▶ _Exercise goal_
Restate, exactly as written, the entries below from the line that holds "- Activate the" through the line that holds "イメージ拡大 イメージ拡大 niva". Pictures are not part of the copy.

▶ _Data shown_
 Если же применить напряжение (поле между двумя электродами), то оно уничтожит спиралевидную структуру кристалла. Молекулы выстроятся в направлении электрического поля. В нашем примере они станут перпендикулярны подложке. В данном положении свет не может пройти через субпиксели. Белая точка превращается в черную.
* * *
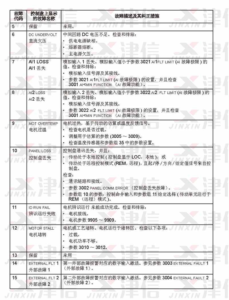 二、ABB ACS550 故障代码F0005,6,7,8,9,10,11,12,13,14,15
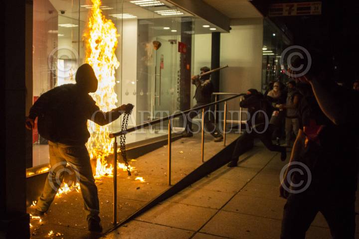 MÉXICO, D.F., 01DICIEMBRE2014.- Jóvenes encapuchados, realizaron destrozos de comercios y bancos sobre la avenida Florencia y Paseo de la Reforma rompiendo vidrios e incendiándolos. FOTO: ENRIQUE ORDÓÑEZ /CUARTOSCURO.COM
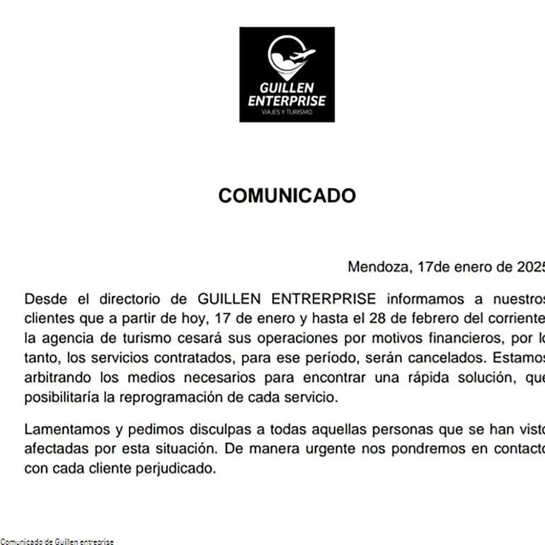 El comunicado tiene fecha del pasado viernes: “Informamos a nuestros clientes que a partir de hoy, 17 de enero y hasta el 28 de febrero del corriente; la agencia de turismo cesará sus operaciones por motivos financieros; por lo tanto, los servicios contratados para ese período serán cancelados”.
* * *
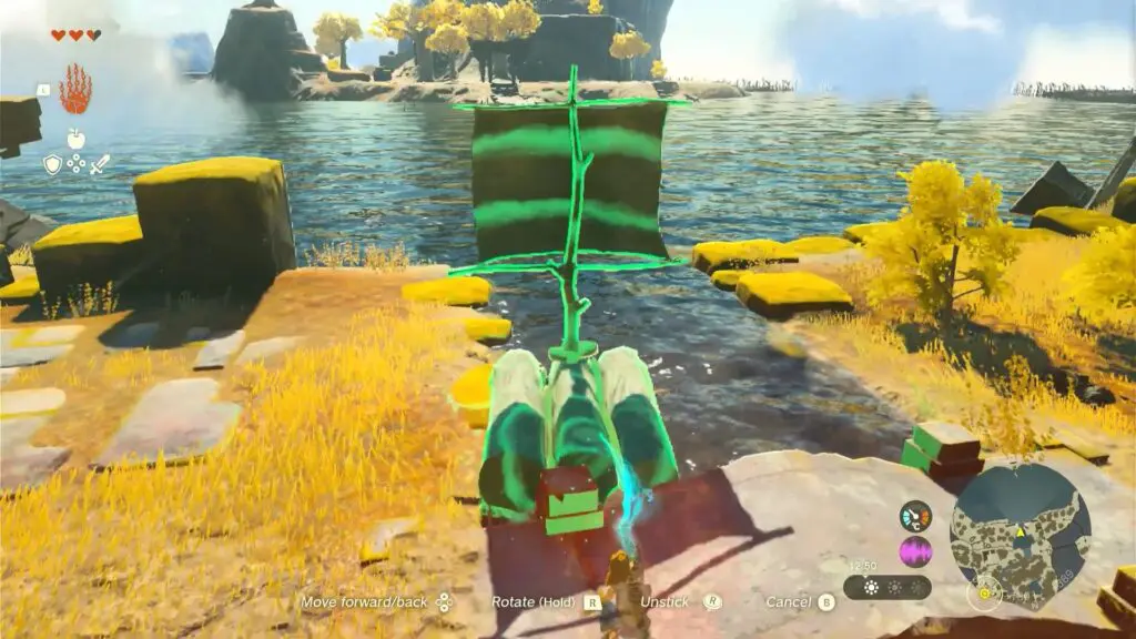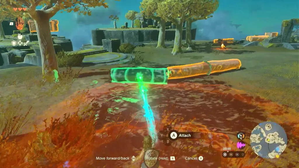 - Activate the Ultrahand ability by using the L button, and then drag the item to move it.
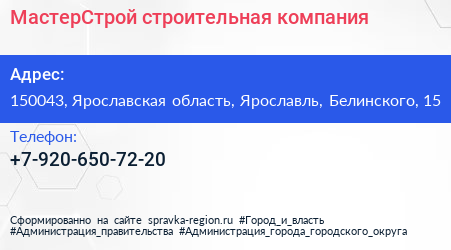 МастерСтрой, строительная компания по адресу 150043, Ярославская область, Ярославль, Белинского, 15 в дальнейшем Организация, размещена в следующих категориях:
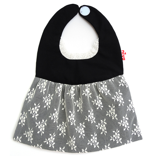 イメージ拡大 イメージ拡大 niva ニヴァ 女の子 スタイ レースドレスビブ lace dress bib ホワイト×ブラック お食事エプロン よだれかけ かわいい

▶ _Solution to the problem_
 - Activate the Ultrahand ability by using the L button, and then drag the item to move it.
 МастерСтрой, строительная компания по адресу 150043, Ярославская область, Ярославль, Белинского, 15 в дальнейшем Организация, размещена в следующих категориях:
 イメージ拡大 イメージ拡大 niva ニヴァ 女の子 スタイ レースドレスビブ lace dress bib ホワイト×ブラック お食事エプロン よだれかけ かわいい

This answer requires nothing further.